Après les achats de vêtements de seconde main sur Vinted, le modèle « peer-to-peer » a atteint la location. Plutôt que d’acheter, pourquoi ne pas louer ? Pickle, née en 2022, est une application new-yorkaise créée dans le but de transformer les dressing en véritable « closet sharing », pour de la location courte durée. D’un côté, un moyen de rentabiliser sa garde-robe, et de l’autre, économiser de l’argent en évitant d’acheter une pièce que l’on ne portera peut-être qu’une fois. Un moyen aussi de ne jamais porter les mêmes robes de soirée.
En passant par deux levées de fonds de taille, entre 2023 et 2025 (8 millions puis 12 millions de dollars), Pickle cherche à soigner son expérience. Sur l’application, tout est fluide. Les locations se font rapidement, avec des livraisons le jour même, et l’entreprise se charge à la fois de la logistique, du nettoyage et de la sécurité des transactions. Le nom de l’application vient d’ailleurs de l’expression « in a pickle », qui exprime en anglais le fait d’être dans l’embarras, comme lorsqu’il nous est nécessaire de trouver une tenue en urgence.

L’exemple de Kat Friday, utilisatrice de Pickle
Dans un article publié par Fortune, on découvre que l’activité est devenue très sérieuse pour certaines utilisatrices qui se sont mises à rentabiliser leur garde-robe… et investir dessus. Évidemment, les chiffres sont bien plus élevés car ils concernent New York, et les États-Unis, mais ils ont de quoi faire rêver. Le média prenait l’exemple de Kat Friday, une employée de la société financière Marqeta. En découvrant Pickle sur TikTok en 2025, « elle ne pensait pas que l’ouverture de son propre compte sur l’application aboutirait à quelque chose ».
Celle qui confiait que « la mode ce n’est pas mon truc, je m’habille toujours en noir » s’est rapidement rendue compte qu’il y avait du potentiel. Son premier article ? Non pas un vêtement, mais un appareil photo (un Canon G7 X). « Je ne m’en sers jamais et les gens en raffolent » expliquait-elle, avant d’ajouter « Ok, je vais mettre d’autres articles en ligne ». C’est à ce moment-là que la femme s’est dit qu’elle allait acheter des vêtements tendance, non pas pour les porter mais pour les mettre sur la plateforme.

Ses « pièces d’investissement » ont été très stratégiques. Par exemple, Pickle permet aussi d’acheter des vêtements et Kat Friday a alors regardé les plus gros profils de la région pour racheter leurs pièces phares. Après 8 mois, elle est devenue l’une des meilleures : par mois, ses annonces lui permettent de générer 7 000 dollars. La garde-robe en question a quitté son domicile pour s’installer dans un box de stockage de 9 mètres carrés. Malgré la gestion complète de l’application pour les locations, Kat Friday rapportait qu’elle comptait embaucher un salarié pour l’aider dans sa gestion hebdomadaire d’environ 25 à 30 commandes.

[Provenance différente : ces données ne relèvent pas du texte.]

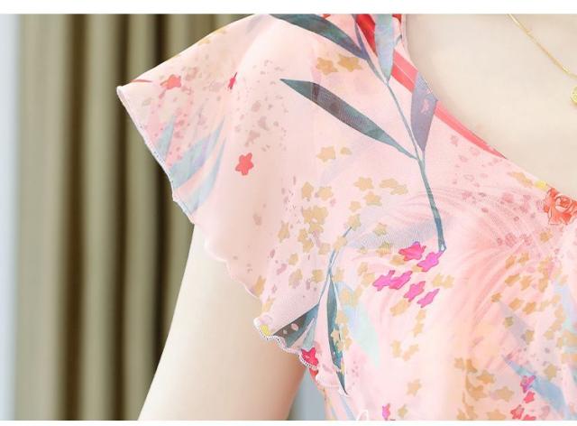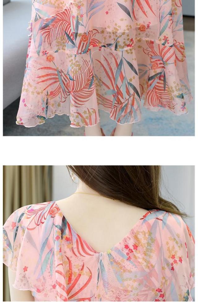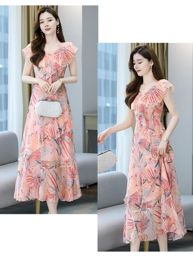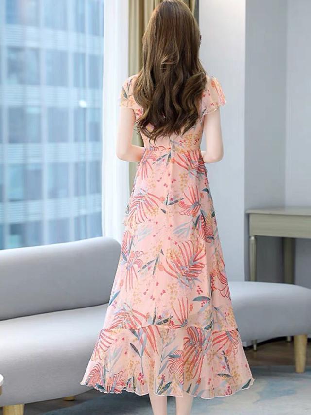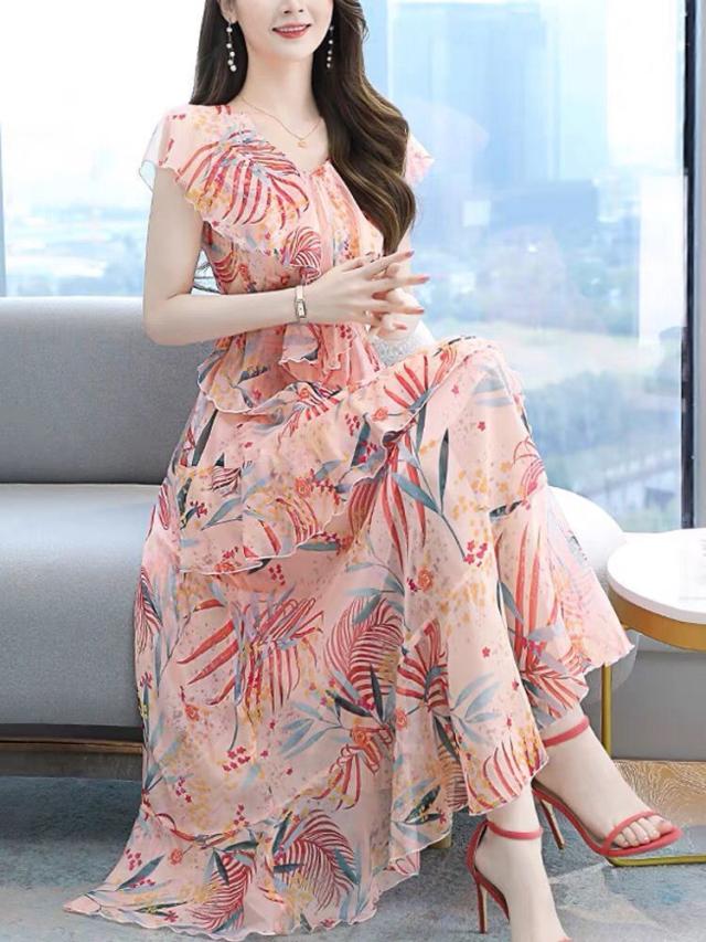 ワンピース ボタニカル柄 裾フリル レース 透け感 大きめ襟 フリル ロング丈ワンピ ロマンティック かわいい ドライブ ガーリー フェミニン

Une porte d’entrée vers le luxe
Au mois de juin, le cofondateur de la plateforme, Brian McMahon, annonçait qu’un des utilisateurs de Pickle avait même réussi à dépasser les 30 000 dollars sur le mois. Il décrivait l’application comme « le Airbnb des objets dont vous êtes propriétaires », et pas seulement des vêtements, même s’il s’agit du plus gros des annonces que l’on peut trouver, avec les accessoires comme les chapeaux. Pour certains, c’est aussi une façon de tester avant d’acheter, comme l’expliquait le cofondateur à Fortune.

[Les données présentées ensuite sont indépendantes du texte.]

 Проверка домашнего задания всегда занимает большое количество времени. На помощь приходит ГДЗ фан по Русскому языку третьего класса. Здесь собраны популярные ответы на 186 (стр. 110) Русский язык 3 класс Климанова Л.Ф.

« Nous constatons, et nous entendons de la part des utilisateurs, notamment de la génération Z, que Pickle devient une porte d’entrée vers le luxe. Louer sur Pickle leur permet de découvrir un créateur à travers différentes occasions et de se faire une idée de la coupe, de la qualité et du prix avant d’envisager un achat sur le marché. »

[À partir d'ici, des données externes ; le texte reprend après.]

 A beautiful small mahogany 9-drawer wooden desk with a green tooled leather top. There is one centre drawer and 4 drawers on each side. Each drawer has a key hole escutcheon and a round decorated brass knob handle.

En guise de plateforme de revente de seconde main, Pickle se frotte à un autre acteur déjà bien installé aux États-Unis : Poshmark. La location est donc bien l’élément différenciant de l’application, tout comme la présence majoritaire de pièces à forte valeur, là où Poshmark affiche des annonces en tout genre, comme Vinted en Europe.